Nessuna, e dico nessuna, riusciva a farmi dare di matto come faceva lei. Lebo era una testarda del cazzo. Testarda e dispettosa.

«Hey, I just met you, and this is craazy», cantò a squarciagola, troppo vicina al mio orecchio, con il vento di sottofondo che ci sferzava per via dei finestrini che lei aveva abbassato. «But here's my number, so call me, maybe!».

Flettei le dita attorno al volante e pigiai con più forza il piede sull'acceleratore, facendola sbattere contro il sedile di pelle. Non la sopportavo più. Cantava e urlava da quando eravamo partiti, maledizione.

E se non cantava, sparava al massimo il volume. E se cambiavo canzone, lei rimetteva quella che voleva. E per di più, lasciava le sue cazzo di impronte sul display e sulla plancia della mia lucida Maserati.

«Te ne farò pentire, Lebo, sappilo!», alzai il tono, per farmi sentire al di sopra della musica e della sua voce starnazzante.

Cristo Santo, era stonata come una campana e quello non faceva per nulla piacere al mio scarso temperamento.

Di tutta risposta, lei si sporse verso di me, il palmo si strinse attorno al mio bicipite, e mi fracassò il timpano: «Before you came into my life, I missed you so bad!».

«Rora, porca puttana...»

«I missed you so bad, I missed you so, so bad!».

Distorsi la bocca in un sorrisetto falso e la scrollai via, schiacciandole una mano sul petto per rimetterla al suo posto. «Stai buona, cazzo».

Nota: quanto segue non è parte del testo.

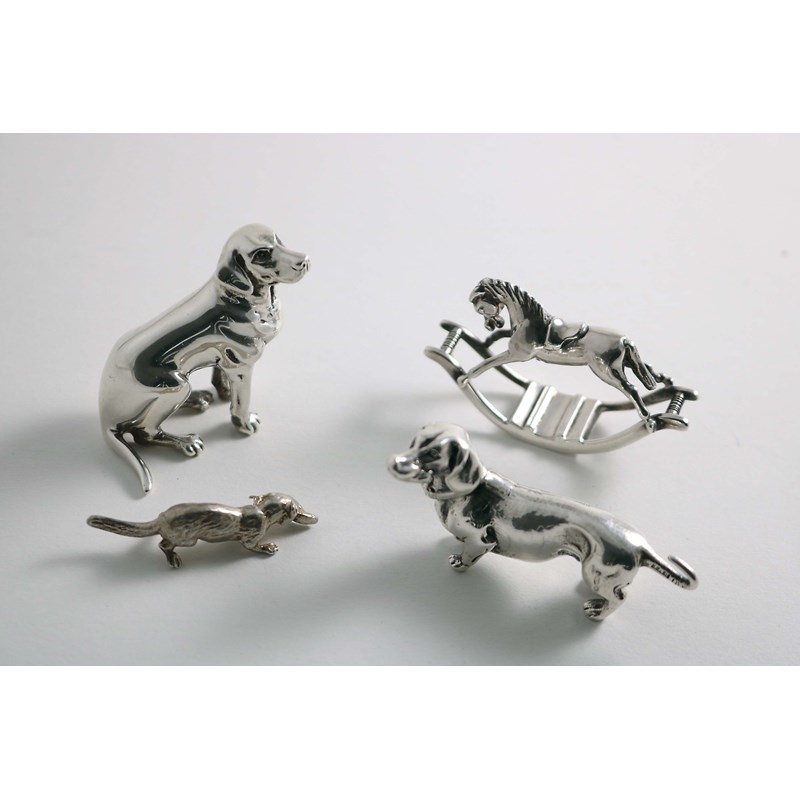 sitting upright by Sarah Jones, London 1993, a miniature model of a rocking horse by the same maker, London 1989, a miniature figure dachshund with import marks for Chester 1907 and another miniature; an otter with a fish in its mouth; the labrador 1.8" (4.6 cms) high; 6.75 oz (4)

«And you should know that», continuò, mentre io, dopo essermi immesso nella East Palo Alto, cercavo il telecomando per aprire il cancello di casa mia. «So call me maybe», concluse.

«Hai finito?».

Le lanciai un'occhiata di traverso, cercando di non farmi distrarre dall'azzurro delle sue iridi, le labbra piene come fragole mature o lo scollo della canottiera celeste.

La vidi sogghignare, prima che ricominciasse. «You know you love me, I know you care!».

«Fanculo».

A quel punto, intanto che dinnanzi a noi si estendeva il lungo vialetto costellato da ciottoli e breccia, Rora si fece sfuggire una risata, divertita e soddisfatta di avermi infastidito per tutto il tempo.

Affondai i denti nell'interno guancia. La sua risata, al contrario del canto, era il suo pezzo forte, un cavallo di battaglia.